Yes it does have an overhead however you see it.
But the main point is elsewhere: as I think we already discussed in earlier threads, CMOS processes that offer embedded Flash are fewer and more expensive, so the cost of dies is significantly higher, whether you actually embed Flash or not, or even if it's just a small area of it. While OTP is usually available on a wider range of CMOS processes at a lower price point.
Most modern processes are only set up for flash.
Nope. But just have a look at the offering at TSMC, GlobalFoundries and whatever else you like.
Specify some actual processes that are not flash, or flash without a charge pump acting like some kind of fake EPROM, that isn't ancient.
I don't know the answer to that.
I do know, from my own experience that the SiFive FE310 (TSMC 180nm) and FU540 (TSMC 28nm) both provide a few kb (8 and 16 respectively) of OTP, and no flash.
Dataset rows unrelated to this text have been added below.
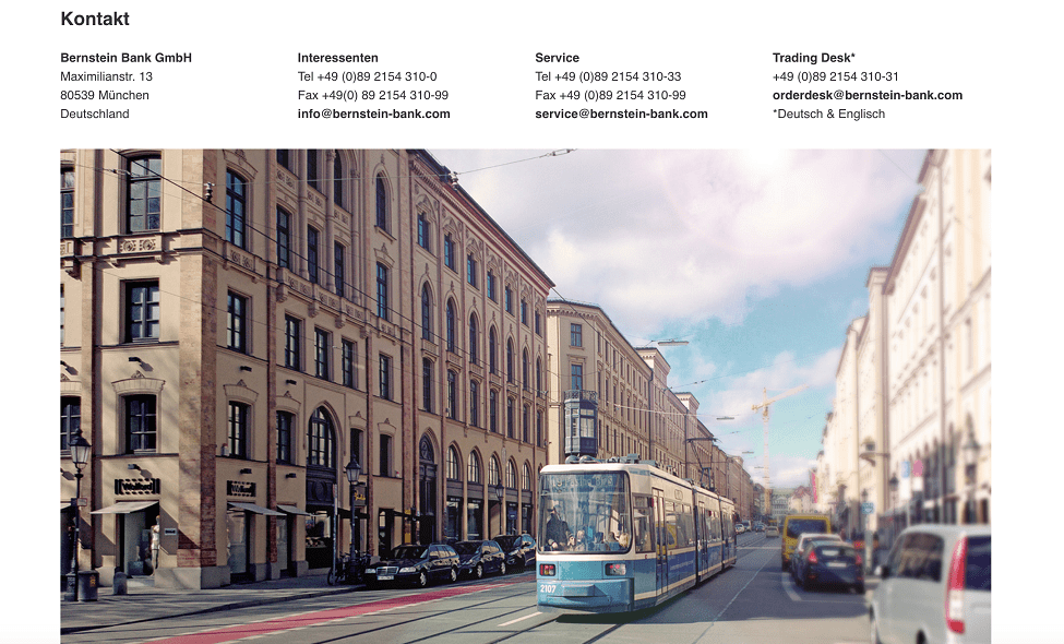 Die Bernstein Bank GmbH wurde erst im April 2016 in München gegründet und zählt damit zu den jüngsten Forex- und CFD-Brokern in Deutschland. Der Unternehmenssitz befindet sich in der deutschen Großstadt München, in der Maximilianstraße. Weitere Filialen in anderen Ländern gibt es aktuell nicht. Auf der Internetseite des Brokers ist zu erkennen, dass sich das Handelsangebot an Trader aus aller Welt richtet. Dazu zählen auch Händler aus Italien, Polen oder Tschechien. Hierzu muss erwähnt werden, dass die Bernstein Bank in sämtlichen EU-Ländern die Erlaubnis erhalten hat, Finanz- und Bankleistungen anzubieten.
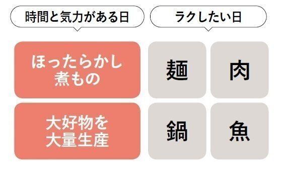 献立作りのポイントは、1週間のなかでの「時間と気力」がどれだけあるか考えて組み合わせること。「毎日ラクな料理だと似るから、時間と気力がある週末は子どもの好物をがんばって作ってます。その代わり翌週のべんとうや副菜に使えるように、多めに作って取りおきし、ラクします」。
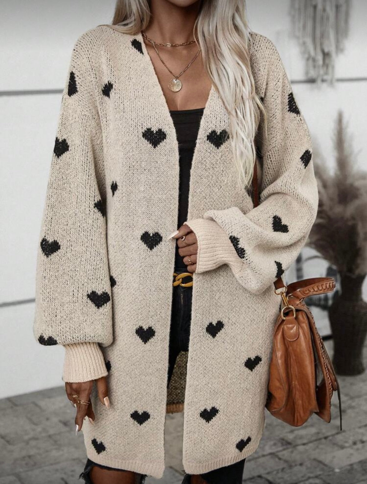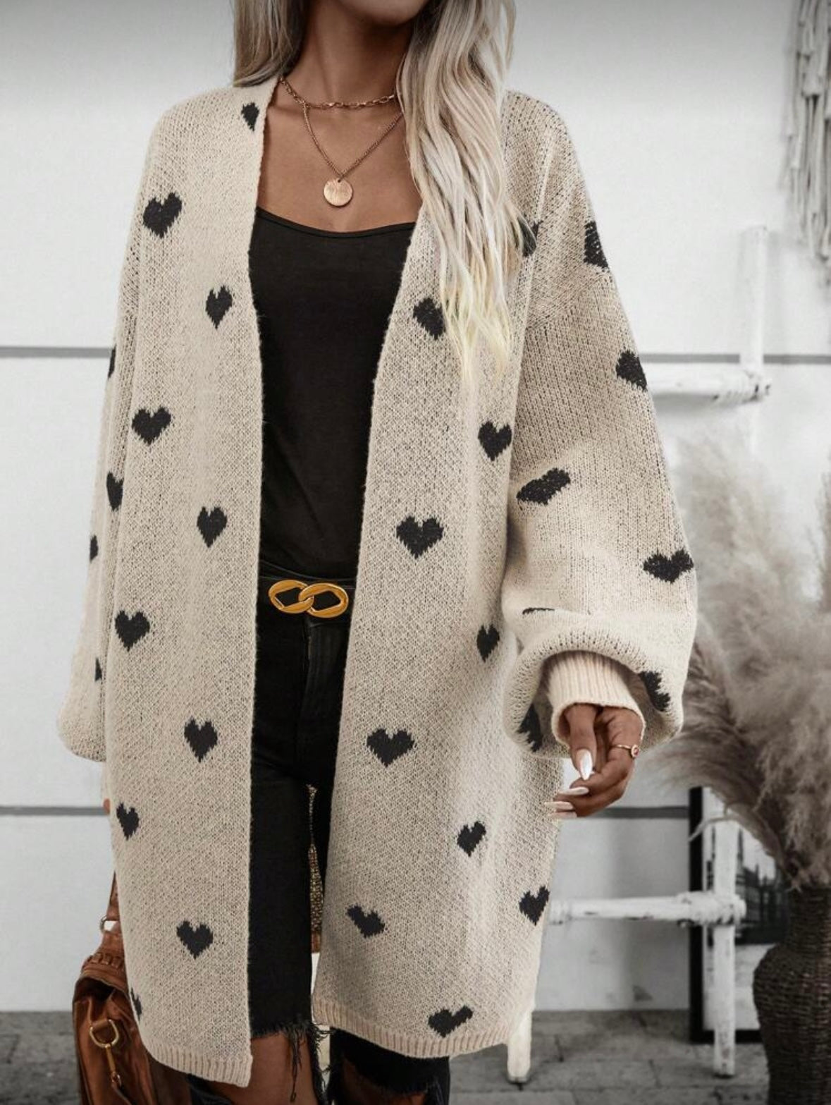 Elegantiškas ir jaukus ilgas kardiganas su subtiliu širdelių raštu – tobulas pasirinkimas stilingam ir patogiam įvaizdžiui. Laisvo silueto modelis gražiai krenta, suteikia lengvumo pojūtį ir nevaržo judesių, todėl puikiai tinka kasdieniam dėvėjimui.
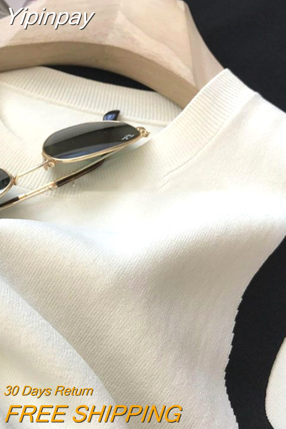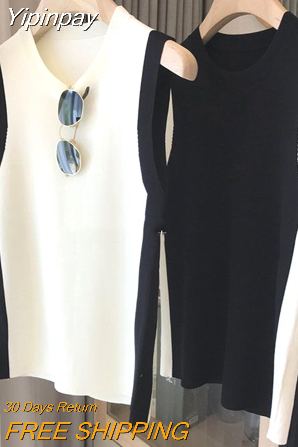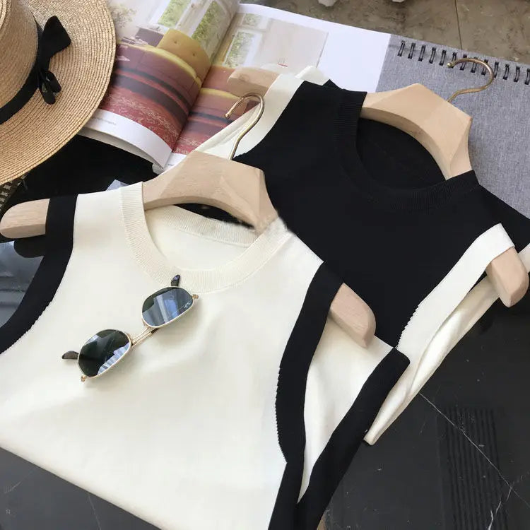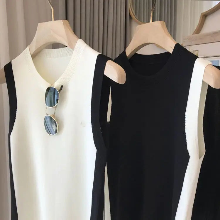 Yipinpay Silk Black White Contrast Sleeveless Knitted Tank Top Wild V Neck Vest Tops & Tees Women's Clothing Casual Camis Vest

They use external SPI flash for firmware.
Incidentally, the code in OTP (as delivered from the factory on the HiFive1 and HiFive Unleashed boards) starts with a RISC-V FENCE instruction 0x0000000F, which can be easily burned later to an up to ±1 MB relative jump 0xnnnnn06F.
I'd be interested to know the similar tricks that work on other ISAs.
Having all 0s be a NOP would be the simplest thing, but the RISC-V designers deliberately made both all 0s and all 1s be illegal instructions to try to detect execution off into the weeds ASAP.